The first contains geocodes for properties in a country and the second for schools in the country.
I want to find the distance of the nearest school for each property. Using the geosphere
package I'm currently working with the following:
library(geosphere)
for(i in 1:length(df$longitude)){
df$dist2[i] <- distm(c(schools[1, 3], schools[1, 2]), c(df$longitude[i], df$latitude[i]), fun = distHaversine) *0.001
}
where schools[, 3]
and schools[, 2]
are the longitude and latitude columns of that data frame respectively.

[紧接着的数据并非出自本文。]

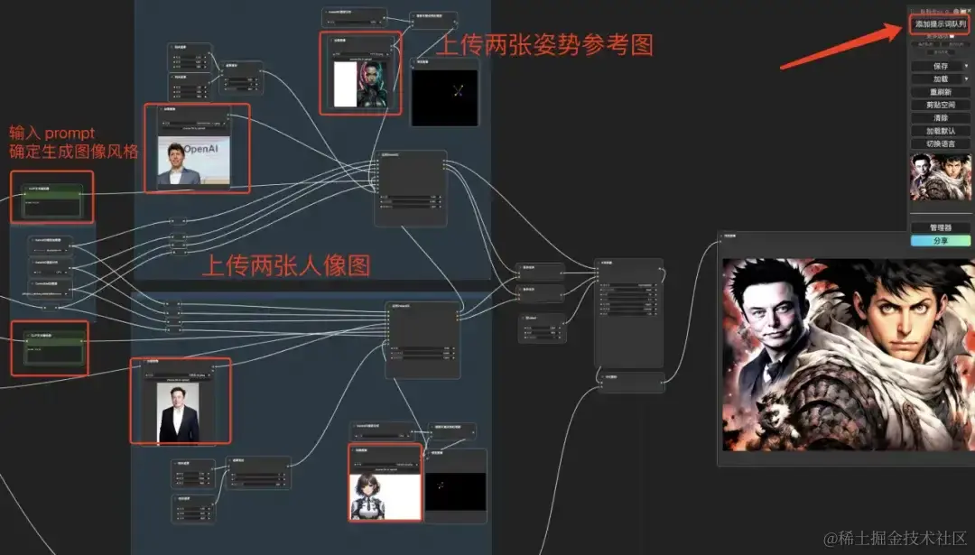 切换工作流后,上传想要融合的两个不同人物图像,以及各自的姿势参考图像,输入 prompt 确定生成图片风格,请注意,姿势参考图像脸部的位置需要分布在左右两侧。
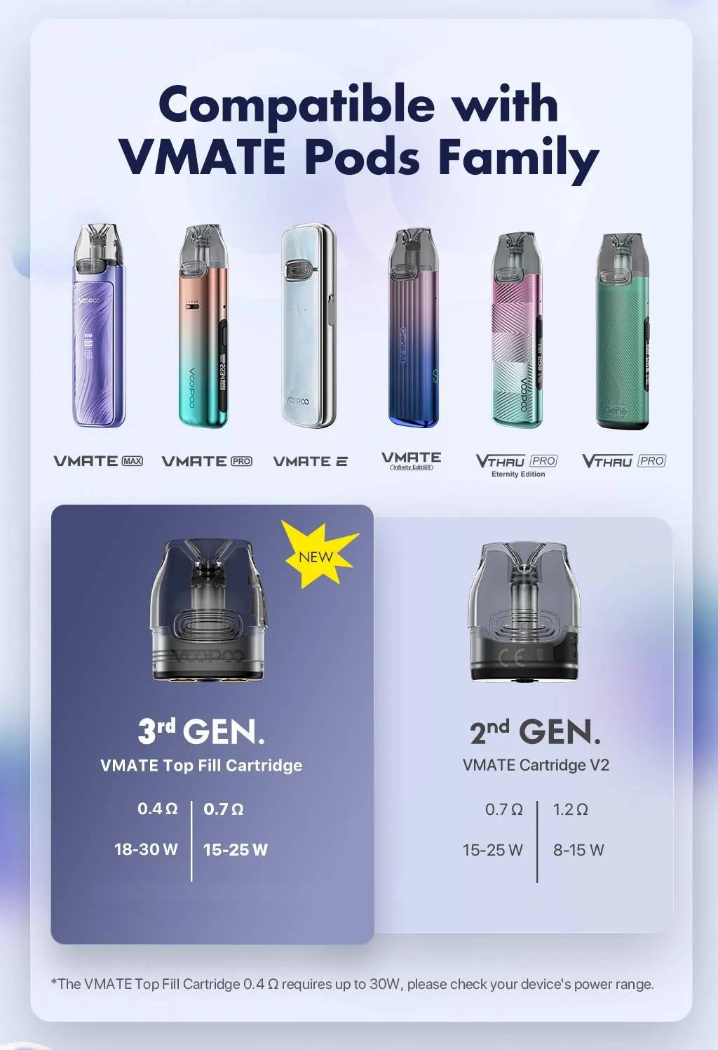 VMATE MAX is equipped with VMATE Top Fill Cartridge with a “3X” upgrade, greatly improving the cartridge lifespan, leakage prevention and options. It is excellent in vaping 90 mL capacity without burning, no leaking for 30 days at a standstill, and has a rich and consistent options.The cartridge resistance is as low as 0.4 Ω and supports Freebase capacity. Combined with a 30 W max power output, it brings users a more enjoyable and quick relief of RDL vaping experience.The filling is upgraded to a more convenient and quicker top filling.
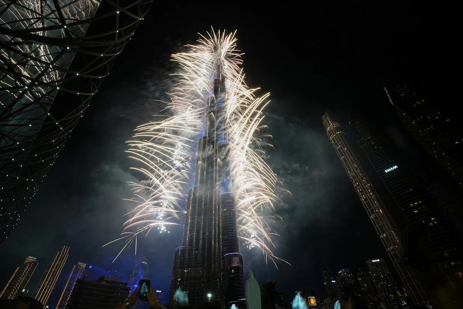 Fireworks explode around the Burj Khalifa, the world's tallest building, during New Year's Eve celebrations in Dubai, United Arab Emirates, Thursday, Jan. 1, 2026. (AP Photo/Fatima Shbair)
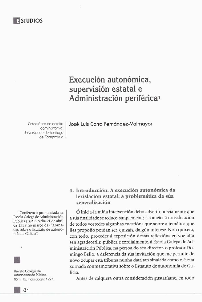 Execución autonómica, supervisión estatal e Administración periférica
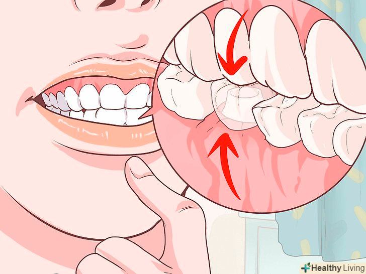 Стисніть зуби. [20] обережно стисніть щелепу, щоб перевірити, як коронка розташована і зафіксована, і точно посадити її на місце.- Залежно від інструкції із застосування використовуваного вами цементу, може знадобитися притиснути коронку на кілька хвилин, а потім ретельно зняти надлишки цементу з зуба або ясен.
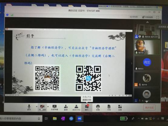倪志良教授首先介绍了《幸福经济学》课程的形成过程,提出“以人为本”经济学核心思想。究其根本,人生最宝贵的资源是“时间”“精力”等生命资源,如何将有限的“时间”和“精力”资源均衡配置于收入、名望、健康和人际(亲情、友情)等诸多方面,使个体几十年的生命体验达到最优。人有外求和内求两个方面,“外求”关乎资源最优配置;“内求”关乎“心”,关乎“幸福”。然后,倪志良教授从认知力、判断力及其在公共治理中的应用、灾难对个人“三力”能力的检验、让教育铸就学生的“三力”等几个方面进行详细阐述,内容非常丰富,信息十分广泛。引用古今中外名人名言和案例论证认知的“至简”“至上”和“至真”,塑造人的真善美,他的论证“言之有理”;认知力的核心表现是判断力,用美联储的货币政策、新冠肺炎疫情的巨大冲击、有限理性、中国的改革开放实践等事例作为论据,他的论证“言之可信”;每次灾难检验着每个个体的认知惯性、情绪惯性和行为惯性,强调独处和静思的重要性,达到“知行感合一”,他的论证“言之可行”;最后,倪志良教授回归教育“初心”,即“一切教育活动都是为了学生的成长和发展,为了学生一生的幸福”,提出提升学生的“认知力、情绪管理力、行动担当力”,他的论证“言之有望”。

The above calculates the distance (in km) between all observations in df
and the first school in schools
.
I want to calculate the distance between each observation and all schools
, saving only the smallest distance as that value for df$dist2[i]
.
答案 0 :(得分:1)
在以下示例中,我组成了点和学校的经度/纬度数据。
library(tidyverse)
library(geosphere)
df_points <- data.frame(lon = rnorm(10, mean =4, sd = 0.5), lat = rnorm(10, mean = 50, sd= 0.1))
df_schools <- data.frame(lon = rnorm( 3, mean =4, sd = 0.5), lat = rnorm( 3, mean = 50, sd= 0.1))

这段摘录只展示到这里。